Please copy each line of the listing below precisely, excluding the images.

** Collected data follows **

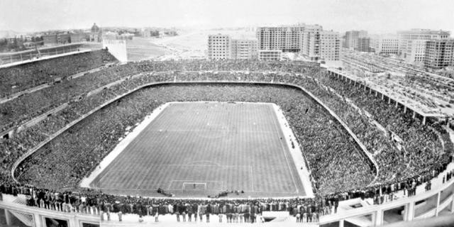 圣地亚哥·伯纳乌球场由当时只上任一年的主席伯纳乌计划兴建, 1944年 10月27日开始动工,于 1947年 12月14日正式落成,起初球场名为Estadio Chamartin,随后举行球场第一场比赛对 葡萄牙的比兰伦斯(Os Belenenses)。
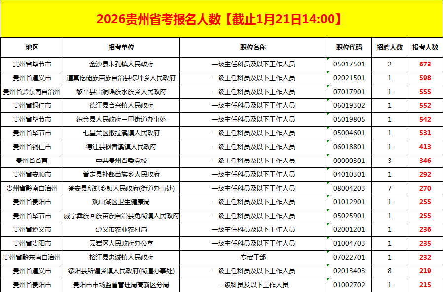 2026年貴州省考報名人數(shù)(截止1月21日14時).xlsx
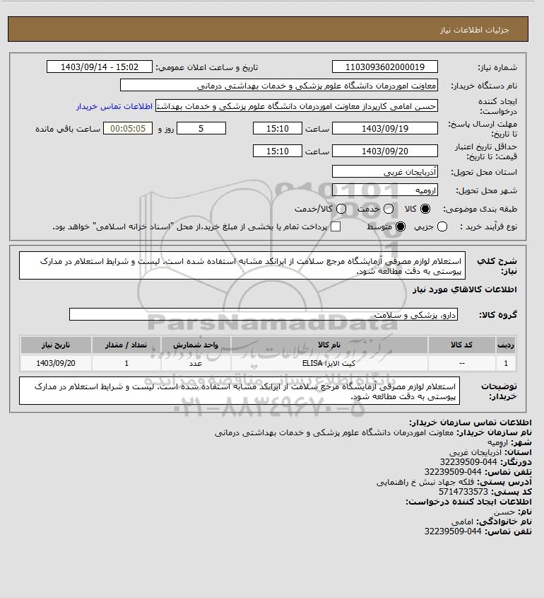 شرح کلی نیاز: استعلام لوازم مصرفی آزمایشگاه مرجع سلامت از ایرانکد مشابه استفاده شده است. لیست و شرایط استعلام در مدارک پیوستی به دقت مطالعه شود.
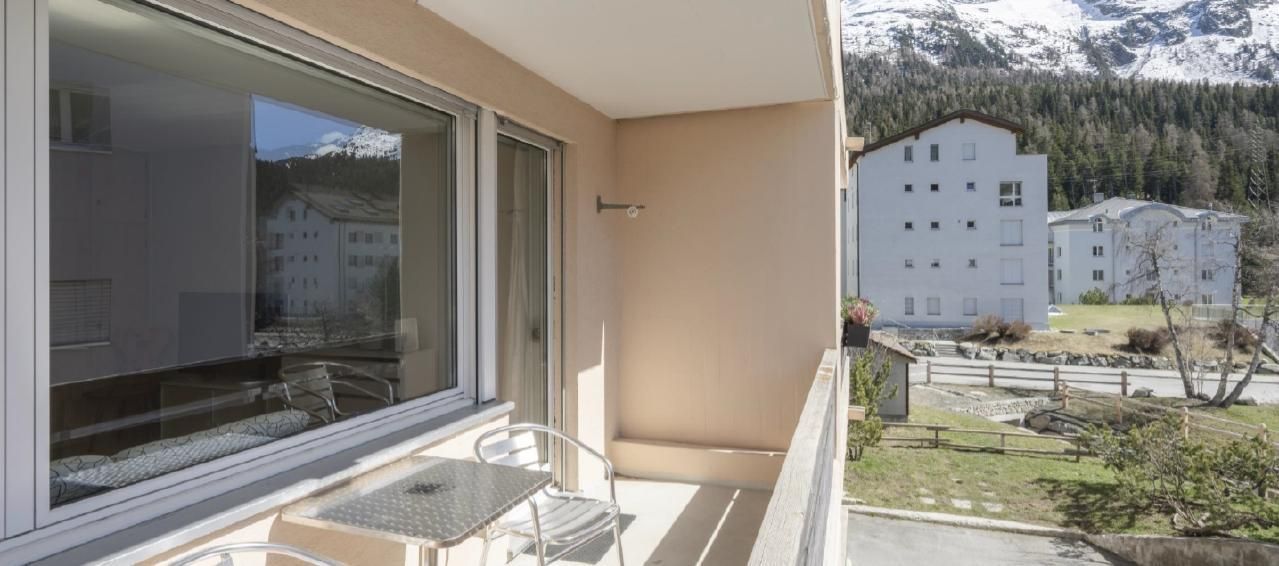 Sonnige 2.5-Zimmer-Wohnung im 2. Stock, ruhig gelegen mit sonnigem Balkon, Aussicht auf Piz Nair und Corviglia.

** End of Collected data **

** Response **
 圣地亚哥·伯纳乌球场由当时只上任一年的主席伯纳乌计划兴建, 1944年 10月27日开始动工,于 1947年 12月14日正式落成,起初球场名为Estadio Chamartin,随后举行球场第一场比赛对 葡萄牙的比兰伦斯(Os Belenenses)。
 2026年貴州省考報名人數(shù)(截止1月21日14時).xlsx
 شرح کلی نیاز: استعلام لوازم مصرفی آزمایشگاه مرجع سلامت از ایرانکد مشابه استفاده شده است. لیست و شرایط استعلام در مدارک پیوستی به دقت مطالعه شود.
 Sonnige 2.5-Zimmer-Wohnung im 2. Stock, ruhig gelegen mit sonnigem Balkon, Aussicht auf Piz Nair und Corviglia.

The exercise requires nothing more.